I think the absolute opposit will happen: if an importend milestone release, like a 1.0.0 release (years after the last stable release) is bad, people will lose interest in such a project.
@swaldhoer & @Letme -- I'm hearing you and you're right. We've let this go on WAY longer than intended. Being 100% honest, I thought it would release back in February.
There were a lot of interactions between features that either were broken before, or we broke during refactoring. Ceedling's self-tests were completely insufficient (I admit the irony here).
The project had changed significantly from the previous release, making merges time consuming. At that time, I had thought the best solution was to continue a release candidate branch to keep these merges to a minimum. I thought this would speed the process up and get us there sooner. This was a bad call and it had the opposite effect (Very few people were using the RC branch and therefore testing and feedback and helpful submissions all slowed)

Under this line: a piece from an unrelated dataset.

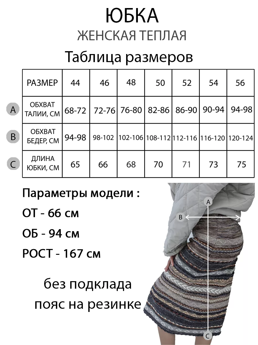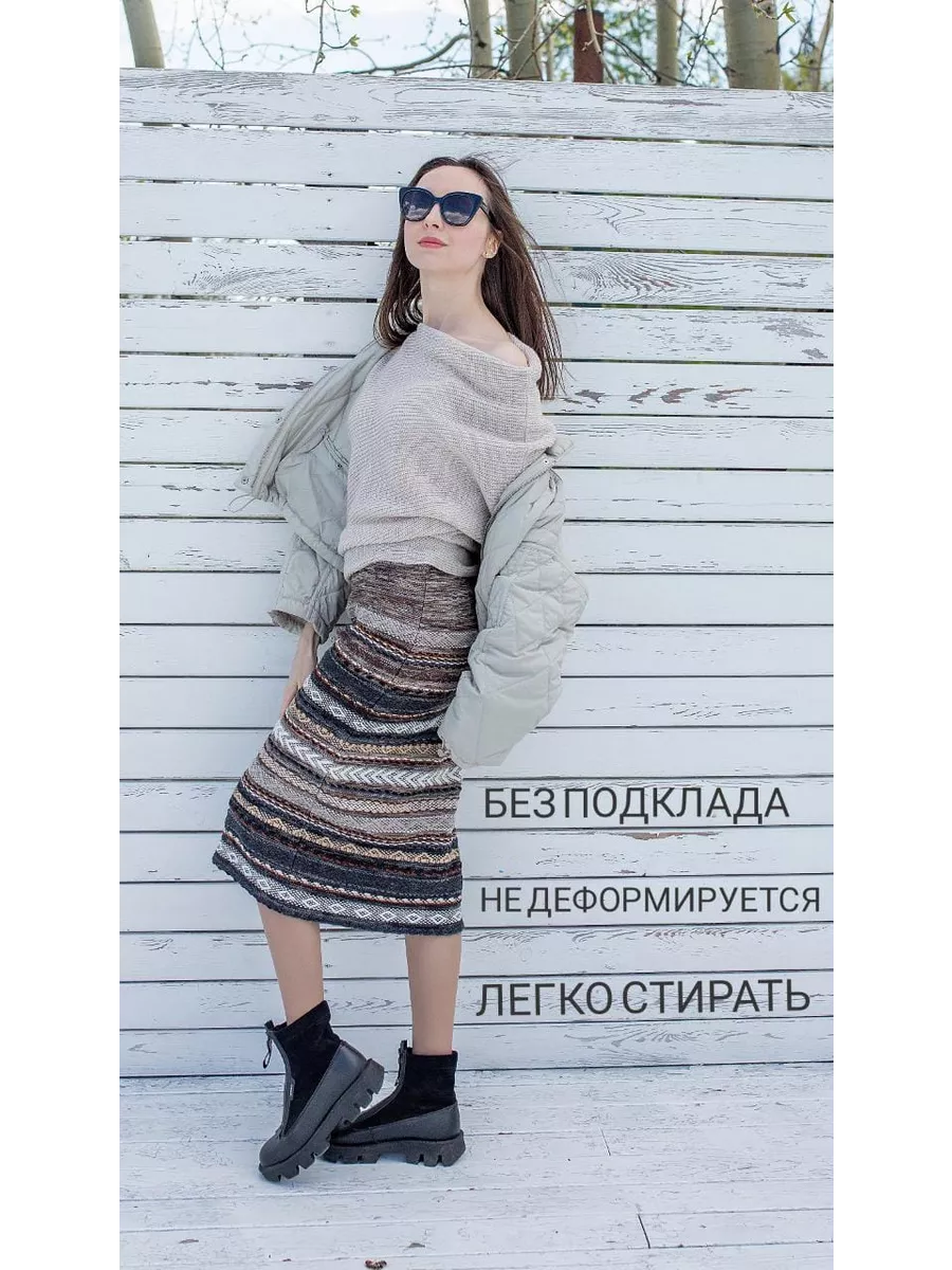 Юбка миди женская трикотажная теплая на резинке. В ней вы будете чувствовать себя комфортно и стильно. Выполнена из приятной и мягкой трикотажной пряжи. Фактурное дизайнерское полотно - это авторская разработка собственного производства. Сибирский эксклюзив. Основной почерк бренда ЛИАТОП - удивительное и гармоничное цветовое сочетание полос: черных, серых, бежевых, белых. Удобный мягкий пояс на резинке позволяет регулировать высокую и среднюю посадку, комфортно садиться на талию, отлично подходит для беременных. Длина юбки ниже колен подойдет как для высоких, так и для женщин среднего роста, варьируется в зависимости от размера. Изделие классического прямого силуэта, без подклада, без молнии-застежки и пуговиц, не вытягивается, неприхотливое в уходе, сезон осень-зима. Преимущество данной базовой модели натуральный состав 50% шерсть, сохраняет тепло, а содержание нитрона придает долговечность изделию. Вязаная юбка - яркая альтернатива джинсовым, кожаным, плиссированным юбкам, брюкам для прогулок в холодное время года. Юбка-карандаш сочетается с любым верхом, можно создавать интересные повседневные образы. Подходит всем возрастным категориям женщин, для больших размеров, прекрасный подарок девушке, сестре, маме, дочке, коллеге. ЛИАТОП - качество на высоте! Тепло наших рук для вас!
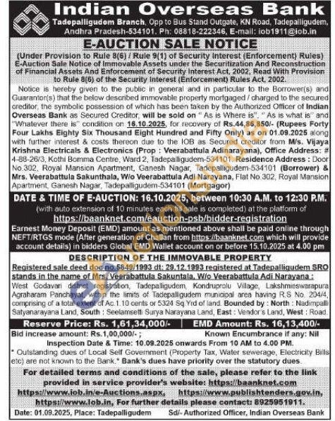 West Godavari district registration, Tadepalligudem, Kondruprolu Village, Lakshmieswarapura Agraharam Panchayat, within the limits of Tadepalligudem municipal area having R.S No. 204/4, comprising of a total extent of Ac. 1.10 cents or 5324 Sq. Yrd of land. Bounded by: North: Nadimpalli Satyanarayana Land, South: Seelamsetti Surya Narayana Land, East: Vendor's Land, West: Road.

I had thought that most people would switch to having PR's target that branch. In retrospect this was a terrible assumption. Most people are using the main branch and therefore are going to play there. Most contributors are going to focus on merging to the main branch because they don't want to get in the way of the "impending release". It was a poor choice and I apologize.
The biggest regret I have about recent decisions ties into exactly your concerns, @Letme ... As the two branches diverged, it became more and more frequent that I would have to cherry-pick changes from one branch to the other, because the two branches were so different. It doesn't give the credit deserved AND it's riskier in that I may not capture all the nuance of the changes.
You both (and others) have my apologies for how this has gone. You both (and others) have my appreciation for sticking through it and continuing to support this project.
We want to do better.
I recognize I've said a bajillion times that we're "almost ready" to release. I'm looking at a very very short list of things I feel need to be in this release to minimize headaches. I'm also looking at a much larger list of issues, PR's, etc which I feel a great amount of guilt for ignoring at this time, but I know it's the right thing to do.
We're pushing this release out, and then I'd like to focus on how to do this better next time.
I'd really appreciate it if you'd both think about this: https://github.com/ThrowTheSwitch/Ceedling/issues/913
Thanks again for your candor and support.